The fact that ARF has undetectable intrinsic GTPase activity suggests that the ARF GAP is an essential terminator of ARF-regulated processes. ARF proteins in their GTP-bound form are required for coatomer binding to Golgi stacks (9, 10) and for the binding of clathrin adaptor particles to the trans-Golgi network(11, 12) . GTP hydrolysis is required for the dissociation of these proteins from Golgi-derived membranes and vesicles(17, 18) , a process in which an ARF GAP is most likely involved, thereby acting as an uncoating factor.
Randazzo and Kahn (20) have recently
reported that ARF GAP activity in a partially purified preparation from
bovine brain membranes is modulated by phospholipids. GAP activity was
strongly stimulated by PIP and was inhibited by
phosphatidylcholine. We obtained qualitatively similar results using
both crude and Resource Q-purified GAP preparations, indicating that
phospholipid sensitivity is an intrinsic characteristic of the
ARF
GAP complex. The stimulatory effects of phosphoinositides that
we observed are significantly lower than those reported by Randazzo and
Kahn, possibly reflecting the different source of ARF GAPs employed in
the two studies (liver cytosol versus brain membranes) or
differences in the GAP assay conditions. The former possibility is
further suggested by the qualitative difference between the brain and
liver preparations in their sensitivity to the synthetic phospholipid
DMPC. Whereas DMPC was found to strongly inhibit brain ARF
GAP(20) , the GAP from liver cytosol was not affected by DMPC.

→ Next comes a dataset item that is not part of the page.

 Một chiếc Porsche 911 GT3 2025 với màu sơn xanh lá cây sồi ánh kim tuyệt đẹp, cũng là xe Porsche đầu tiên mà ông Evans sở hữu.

In fact, DMPC was routinely used in our assays to facilitate the
loading of ARF with GTP, and unlike the preparation from
brain(20) , GAP activity could be readily detected in crude
liver cytosol in the presence of DMPC.
The effects of phospholipids
on the ARF GAP may be related to a recently discovered role of ARF in
the regulation of phospholipid
metabolism(28, 29, 30) . ARF was identified
as the cytosolic GTP binding protein that activates phospholipase D.

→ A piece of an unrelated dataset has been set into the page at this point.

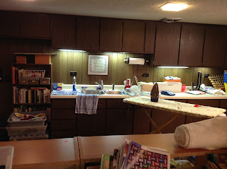 Our house was built in 1972. When the original owners remodeled the kitchen in 1985 they moved the old cabinets and sink to the basement. The past couple of weeks that double-basin sink has come in very handy. I can do meal prep in the bathrooms (his or mine) but those basins are not convenient for washing dishes.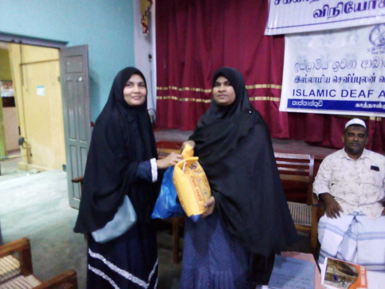 காத்தான்குடி இஸ்லாமிய செவிப்புலன் வலுவற்றோர் ஒன்றியத்தினால் நோன்பு காலத்தில் அதன் உறுப்பினர்களுக்கு சக்காத் உலருணவு பொருட்கள் வழங்கும் நிகழ்வு காத்தான்குடி மில்லத் பெண்கள் உயர்தரப் பாடசாலையில் இடம்பெற்றது.

Activated phospholipase D cleaves phosphatidylcholine to produce
phosphatidic acid and choline. A feedback loop mechanism has been
proposed (20) where following the activation of phospholipase D
by GTP-bound ARF, an increase in local phosphatidic acid concentration
(and possibly also a decrease in phosphatidylcholine concentration)

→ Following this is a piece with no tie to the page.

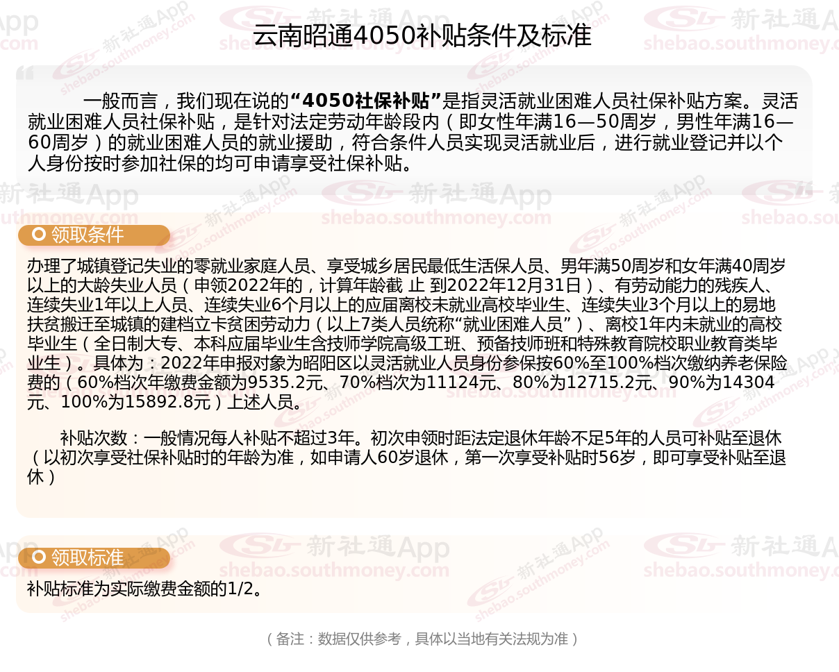 一、2025年云南昭通4050社保补贴标准是怎么样的,附领取条件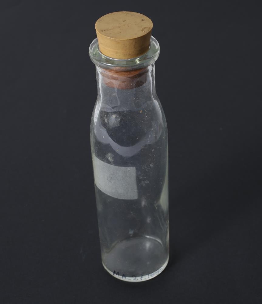 Glerpeli með gúmmítappa. Líklega prufuglas fyrir mjólkurprufur.

brings about an increase in the activity of the ARF GAP, resulting in
the hydrolysis of ARF-bound GTP and the cessation of phospholipase D
activity. The fact that, like the ARF GAP, phospholipase D activity is
also stimulated by PIP(28) might suggest a direct
relationship between the two proteins, but in preliminary experiments
the GAP that we have purified was found to be devoid of phospholipase D
activity. (
)
Partial sequence analysis of the 49-kDa protein clearly demonstrates that the ARF GAP is a so far uncharacterized protein. The availability of the purified protein opens the way to a molecular characterization of the ARF GAP and to studying its role in the regulation of different ARF-dependent cellular pathways.
Addendum-We have recently isolated from a rat liver library cDNA clones with a 1245-base pair open reading frame encoding a polypeptide that includes all seven peptides that we have found in the 49-kDa protein. Coupled in vitro transcription/translation in reticulocyte lysate resulted in a protein that co-migrated on SDS-PAGE with the protein that we have purified, and the translated protein possessed ARF GAP activity.